**Data provided**
____
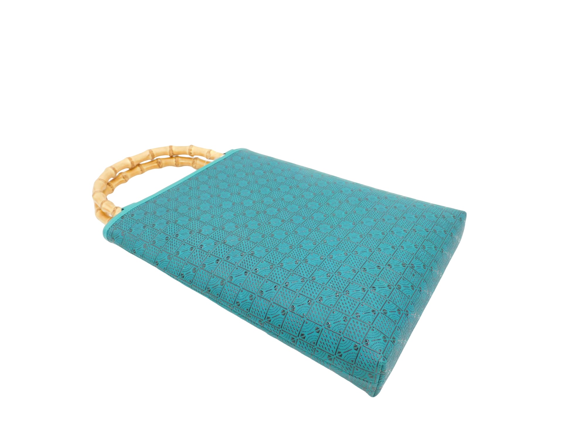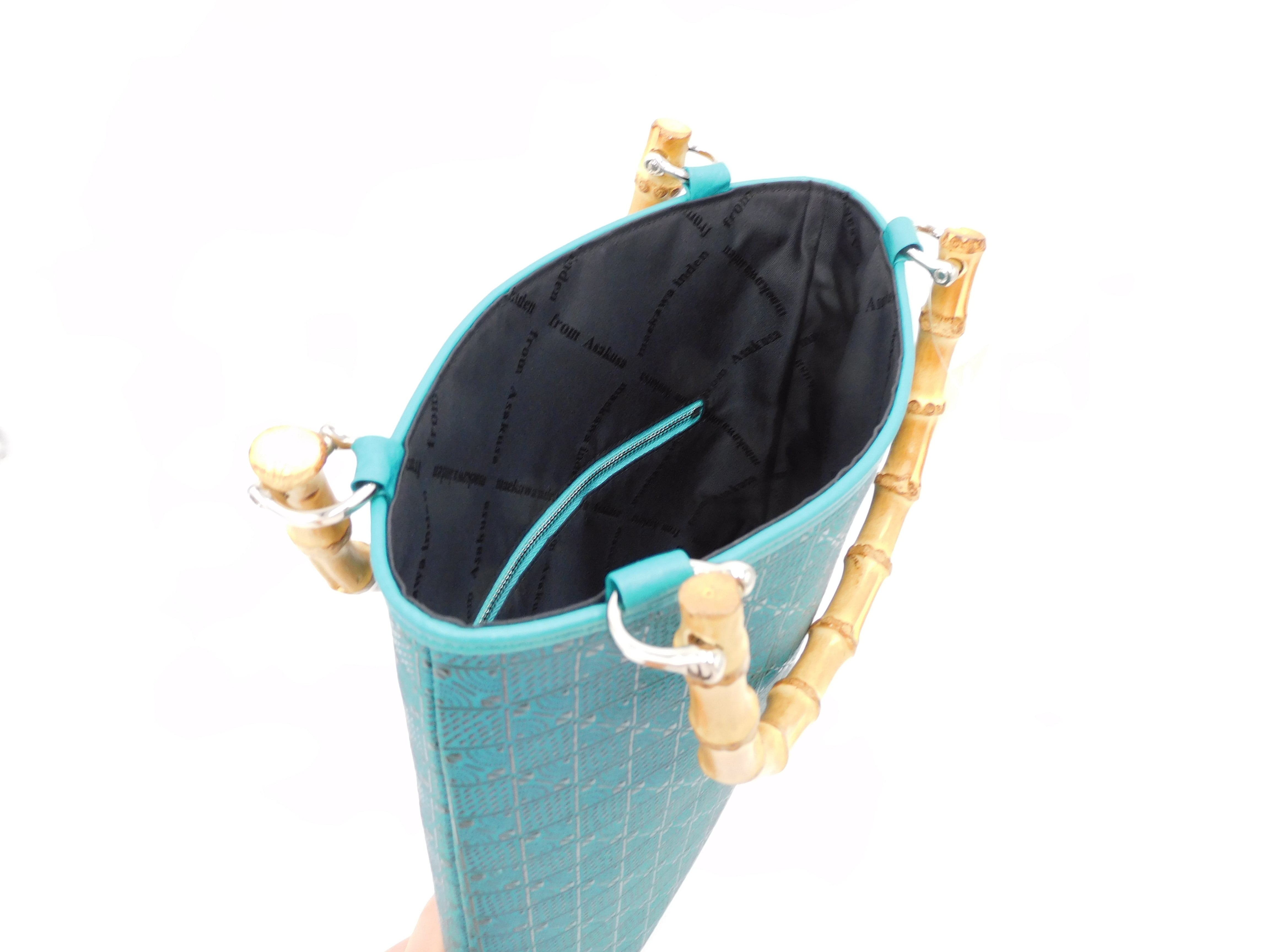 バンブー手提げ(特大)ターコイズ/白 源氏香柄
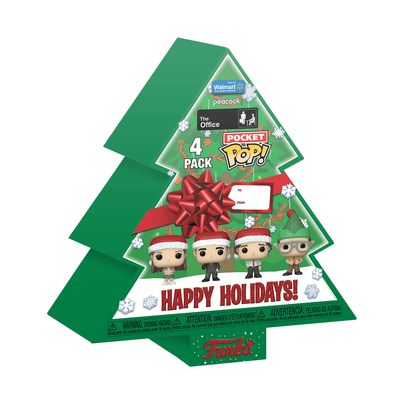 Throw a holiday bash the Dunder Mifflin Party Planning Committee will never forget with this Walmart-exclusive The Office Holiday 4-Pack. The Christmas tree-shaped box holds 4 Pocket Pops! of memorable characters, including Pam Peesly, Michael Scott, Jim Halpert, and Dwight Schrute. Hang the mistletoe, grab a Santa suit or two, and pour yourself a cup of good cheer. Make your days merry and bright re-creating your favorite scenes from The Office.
____
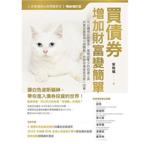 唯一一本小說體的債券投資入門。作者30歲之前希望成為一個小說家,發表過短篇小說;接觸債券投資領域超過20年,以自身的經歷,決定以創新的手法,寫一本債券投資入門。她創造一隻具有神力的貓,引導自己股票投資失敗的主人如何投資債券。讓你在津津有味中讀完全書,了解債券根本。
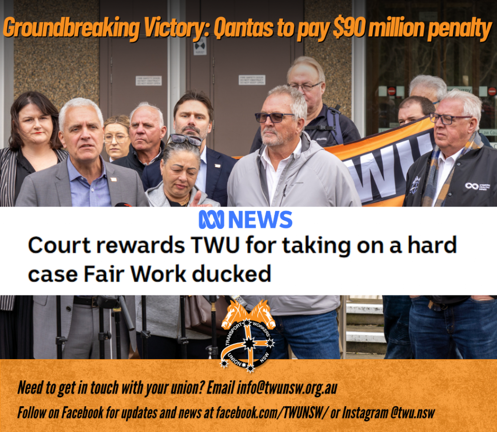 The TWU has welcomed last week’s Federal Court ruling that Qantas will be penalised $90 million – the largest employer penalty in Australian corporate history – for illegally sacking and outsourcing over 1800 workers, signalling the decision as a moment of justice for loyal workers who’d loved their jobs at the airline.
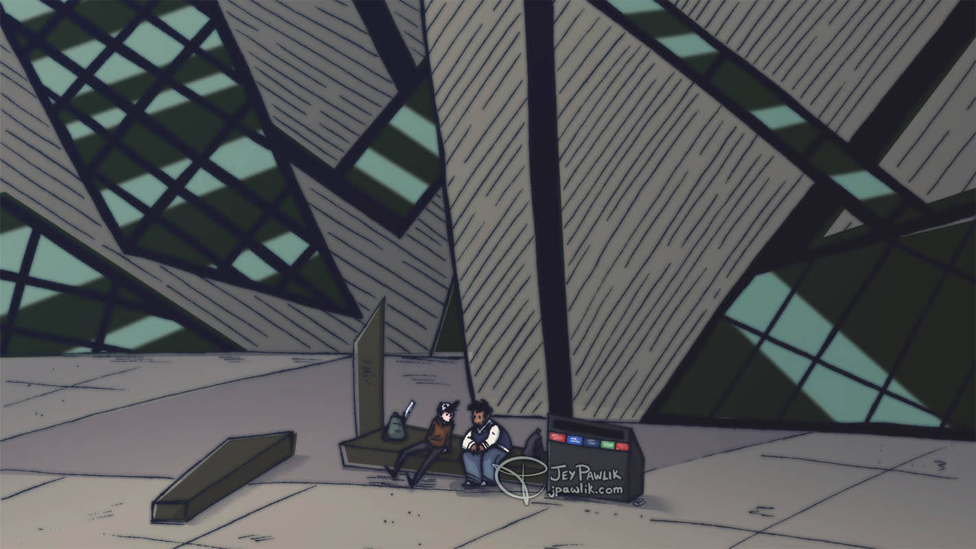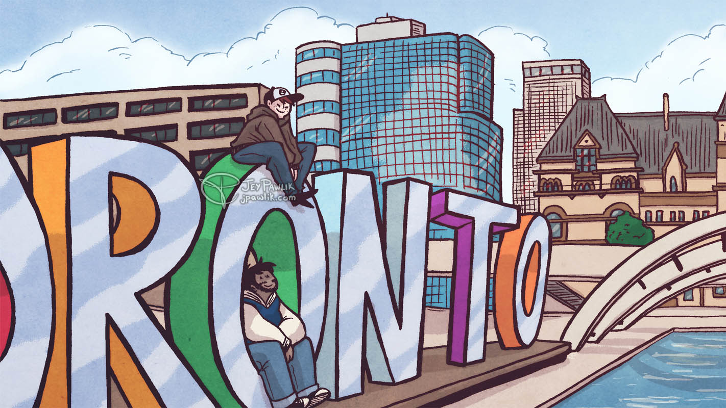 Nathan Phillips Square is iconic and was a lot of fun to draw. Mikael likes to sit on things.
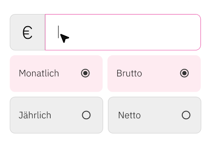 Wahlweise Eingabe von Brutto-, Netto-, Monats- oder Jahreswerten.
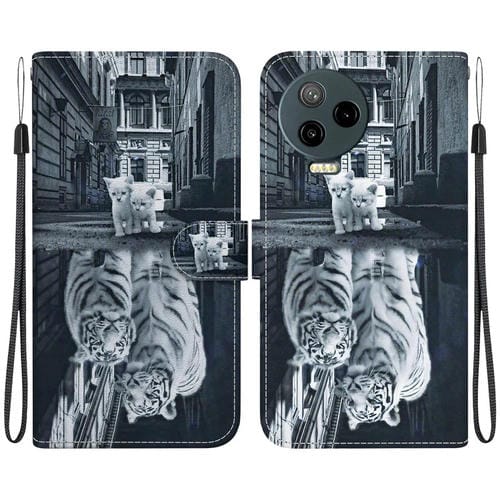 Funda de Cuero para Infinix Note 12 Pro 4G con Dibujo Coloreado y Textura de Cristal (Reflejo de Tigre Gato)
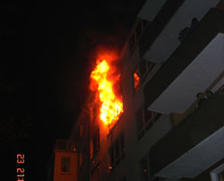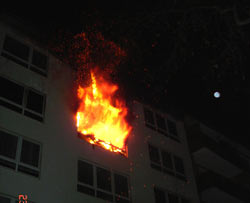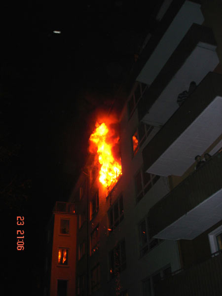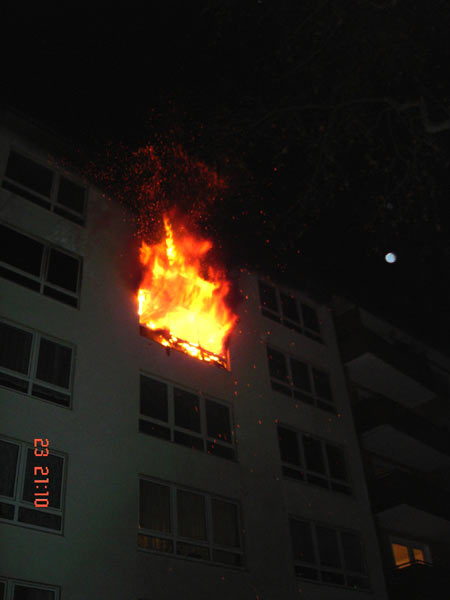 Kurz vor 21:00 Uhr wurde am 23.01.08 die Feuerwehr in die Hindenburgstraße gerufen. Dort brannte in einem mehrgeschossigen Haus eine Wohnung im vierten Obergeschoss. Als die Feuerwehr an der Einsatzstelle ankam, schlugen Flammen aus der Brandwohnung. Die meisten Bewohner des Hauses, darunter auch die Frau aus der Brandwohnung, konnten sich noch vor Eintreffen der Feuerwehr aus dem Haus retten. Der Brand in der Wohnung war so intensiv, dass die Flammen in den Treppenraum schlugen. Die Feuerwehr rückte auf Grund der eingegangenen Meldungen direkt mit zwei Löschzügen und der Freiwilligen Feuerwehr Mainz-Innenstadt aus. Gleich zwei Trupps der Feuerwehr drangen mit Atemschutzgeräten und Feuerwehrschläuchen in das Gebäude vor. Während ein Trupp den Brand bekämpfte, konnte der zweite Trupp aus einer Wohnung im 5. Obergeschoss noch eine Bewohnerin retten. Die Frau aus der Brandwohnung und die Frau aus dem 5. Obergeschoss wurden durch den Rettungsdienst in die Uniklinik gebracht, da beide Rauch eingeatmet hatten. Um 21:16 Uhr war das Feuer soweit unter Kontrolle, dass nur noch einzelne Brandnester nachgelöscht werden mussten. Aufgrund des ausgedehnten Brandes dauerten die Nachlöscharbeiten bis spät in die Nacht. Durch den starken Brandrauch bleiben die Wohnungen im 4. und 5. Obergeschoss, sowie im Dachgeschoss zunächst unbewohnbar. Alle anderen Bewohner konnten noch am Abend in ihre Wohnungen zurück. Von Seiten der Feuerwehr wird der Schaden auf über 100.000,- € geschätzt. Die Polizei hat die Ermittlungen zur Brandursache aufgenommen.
____
**Task goal**
In the listing above, find the line containing "Nathan Phillips Square" and the line containing "Funda de Cuero", then print exactly those two lines and every line between them, minus the pictures.

**Your response**
 Nathan Phillips Square is iconic and was a lot of fun to draw. Mikael likes to sit on things.
 Wahlweise Eingabe von Brutto-, Netto-, Monats- oder Jahreswerten.
 Funda de Cuero para Infinix Note 12 Pro 4G con Dibujo Coloreado y Textura de Cristal (Reflejo de Tigre Gato)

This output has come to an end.